The Westboro Baptist Church is probably the most deplorable congregation of people ever to walk the face of the Earth. They do nothing but spew hate speech and manipulate the minds of the ignorant and the young. What they preach doesn’t even make sense—but that doesn’t matter and this article isn’t about WBC. This article is about Aaron Jackson.
Aaron Jackson is the co-founder of Planting Peace, a non-profit aimed at providing sustainable initiatives to impoverished areas. Jackson says he was looking up the “church” on Google Earth when he noticed a ‘for sale’ sign on the house across the street from the “church” headquarters. That’s when he decided to buy it.
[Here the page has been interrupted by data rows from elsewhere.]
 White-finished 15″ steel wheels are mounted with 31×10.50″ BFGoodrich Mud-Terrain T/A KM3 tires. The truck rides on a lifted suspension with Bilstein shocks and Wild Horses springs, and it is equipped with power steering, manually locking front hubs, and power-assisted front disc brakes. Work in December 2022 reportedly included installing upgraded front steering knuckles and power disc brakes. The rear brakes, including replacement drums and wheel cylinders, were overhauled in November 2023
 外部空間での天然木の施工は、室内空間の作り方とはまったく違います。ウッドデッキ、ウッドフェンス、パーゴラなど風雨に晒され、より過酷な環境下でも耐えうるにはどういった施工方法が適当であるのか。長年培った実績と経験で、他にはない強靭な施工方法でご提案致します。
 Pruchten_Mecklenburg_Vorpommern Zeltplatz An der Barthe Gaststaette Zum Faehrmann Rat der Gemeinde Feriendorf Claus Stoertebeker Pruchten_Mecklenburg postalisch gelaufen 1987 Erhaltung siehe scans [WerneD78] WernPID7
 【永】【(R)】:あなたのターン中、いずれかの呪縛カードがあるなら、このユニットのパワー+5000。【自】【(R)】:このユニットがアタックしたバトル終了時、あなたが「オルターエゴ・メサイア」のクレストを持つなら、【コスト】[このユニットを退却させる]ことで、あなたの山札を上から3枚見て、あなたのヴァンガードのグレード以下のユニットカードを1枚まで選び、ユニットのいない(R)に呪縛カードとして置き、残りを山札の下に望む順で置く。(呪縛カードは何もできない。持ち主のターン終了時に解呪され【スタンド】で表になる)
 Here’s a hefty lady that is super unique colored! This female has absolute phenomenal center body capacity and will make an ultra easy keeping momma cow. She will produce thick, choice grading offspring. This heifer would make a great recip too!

Planting Peace purchased the home and moved into the neighborhood. “[Westboro owns] the majority of the homes in the community, and I walk through the area every day, and I see them running in between each other’s houses,” Jackson said. “One day I was walking, and Shirley Phelps [one of Westboro's main spokespeople and the daughter of the church's leader, Fred Phelps] was on her four-wheeler. And I said, ‘Hey guys, how are you?’ And [she and her husband] responded, ‘Oh, we’re good. How are you?’ We had a short conversation, and she was extremely nice, and she made a joke and we all laughed.”
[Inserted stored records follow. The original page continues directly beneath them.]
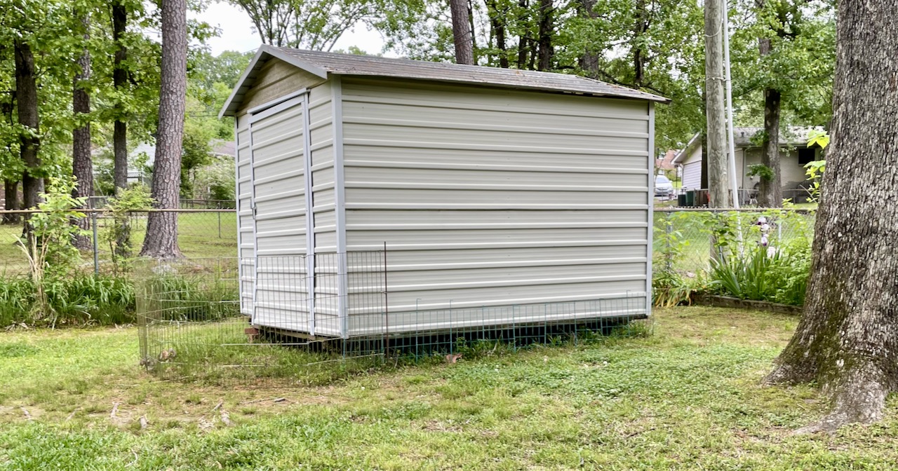 It’s one of those modular sheds, and set up on concrete blocks. Lots of people around here have them, and plenty of wild critters learn to hide or nest in the crawl space. Even the wrens take their fledglings there as a way station after they first leave the nest.
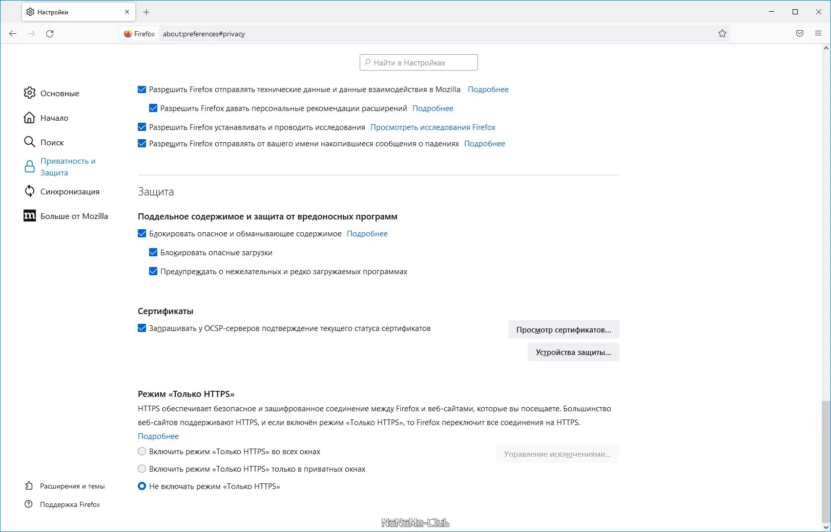 Работа с Firefox
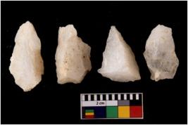 | Description / विवरण | There are n 4 flake cores. All of them are fully fluted flake cores without any trace of crested ridge flakes. Some are tapering at one end and some have sharp edges. |
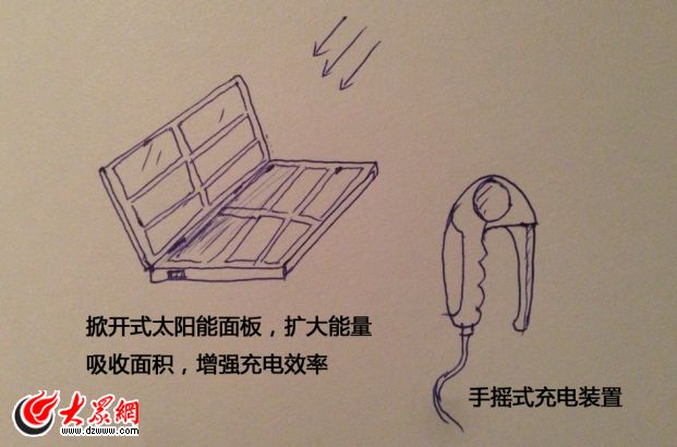 目前市面上的移動電源,本身需要接數據線充電,而本產品面板自帶太陽能面板,可隨時為移動電源充電,另外還有小型手搖外接充電裝置,在沒有任何外部電力的情況下可手動為移動電源充電,是一款適合戶外運動的新型移動電源產品。當然,在正常有電環境時,該產品也可使用常規的充電接口進行充電。
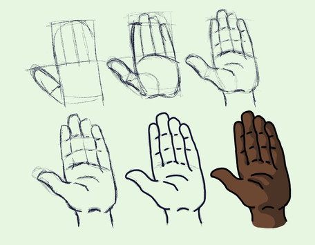 @smolbabysepticbean on Tumblr asked:"How do you draw hands? I'm trying to find my art style and I really like to draw cartoon-y people. I also suck at drawing hands haha"
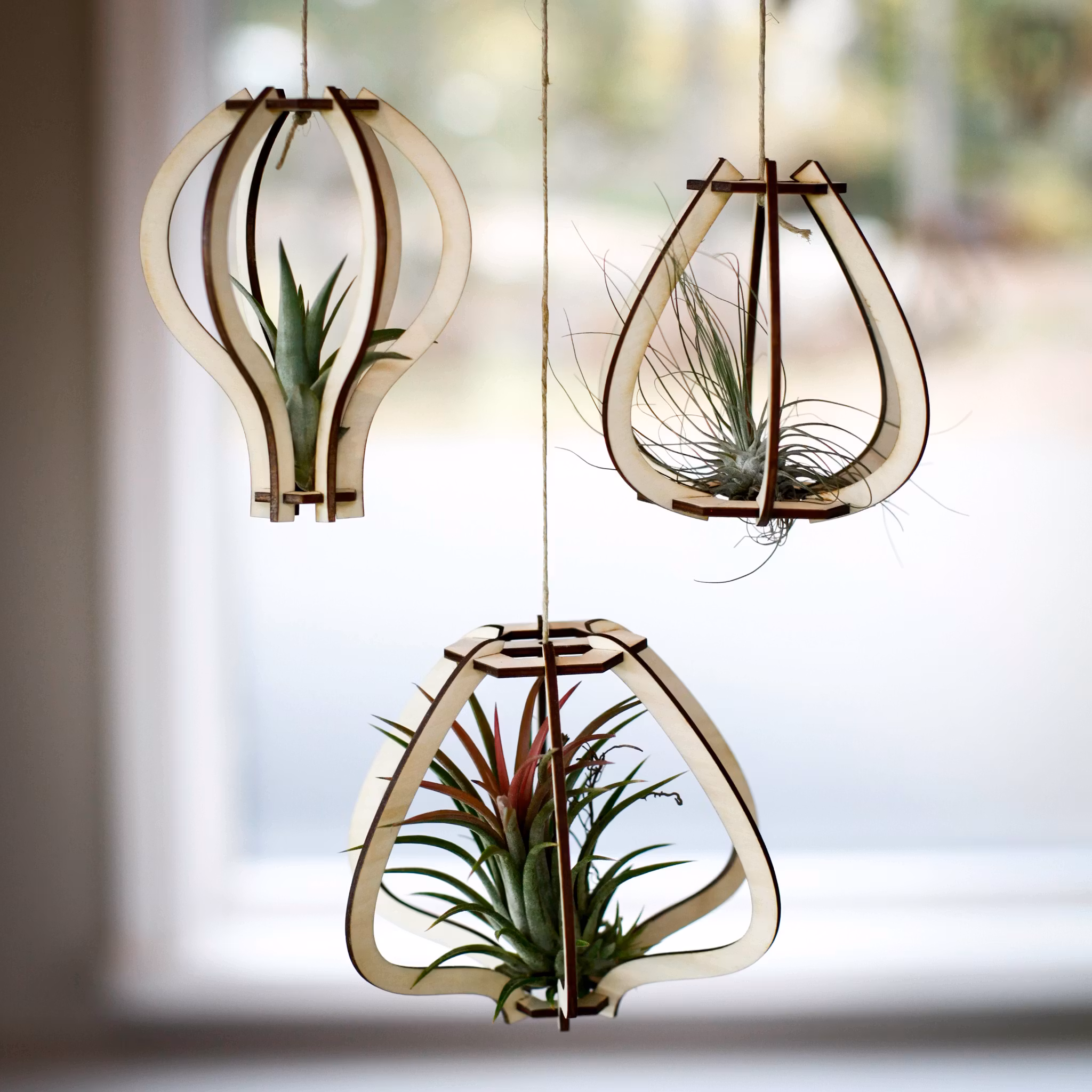 Handgjorda tillandsiahållare i trä från Klorofyllverket. Set om tre: liten, mellan, stor. Välj mörkt eller ljust trä. Perfekt för din växtvägg.

Shirley Phelps probably wasn’t laughing when Jackson decided to spruce up the house he bought. He decided to paint the exterior—not a strange thing to do when you purchase a home—but Jackson decided to paint the house a rainbow and use the home for LGBT rights headquarters. “The reason I haven’t gotten into the gay rights activism is because, in a sense, it’s almost silly — it’s 2013, are we really still in this position? It just seems ludicrous,” said Jackson. “But it is a real issue and kids are killing themselves. I’ve wanted to do something, and I knew when I saw that house for sale that it all came together. Everyone who knows me knows that I’m a little crazy and there’s no red tape in my charity. When I want to do something, I do it.”
“We want this house to be a message that where there’s hate, there’s also love. But we also want to raise awareness and capital, and we want to put all that money into creating and sustaining anti-bullying programs, along with supporting anti-bullying programs that already exist,” he said. “Beyond the symbolic message of the home, [the house] will be utilized by volunteers to live here, and these volunteers will work on promoting equality anywhere in the world and managing these anti-bullying initiatives that we plan on creating.”
Jackson says he’s already noticed members of the church coming by to take pictures.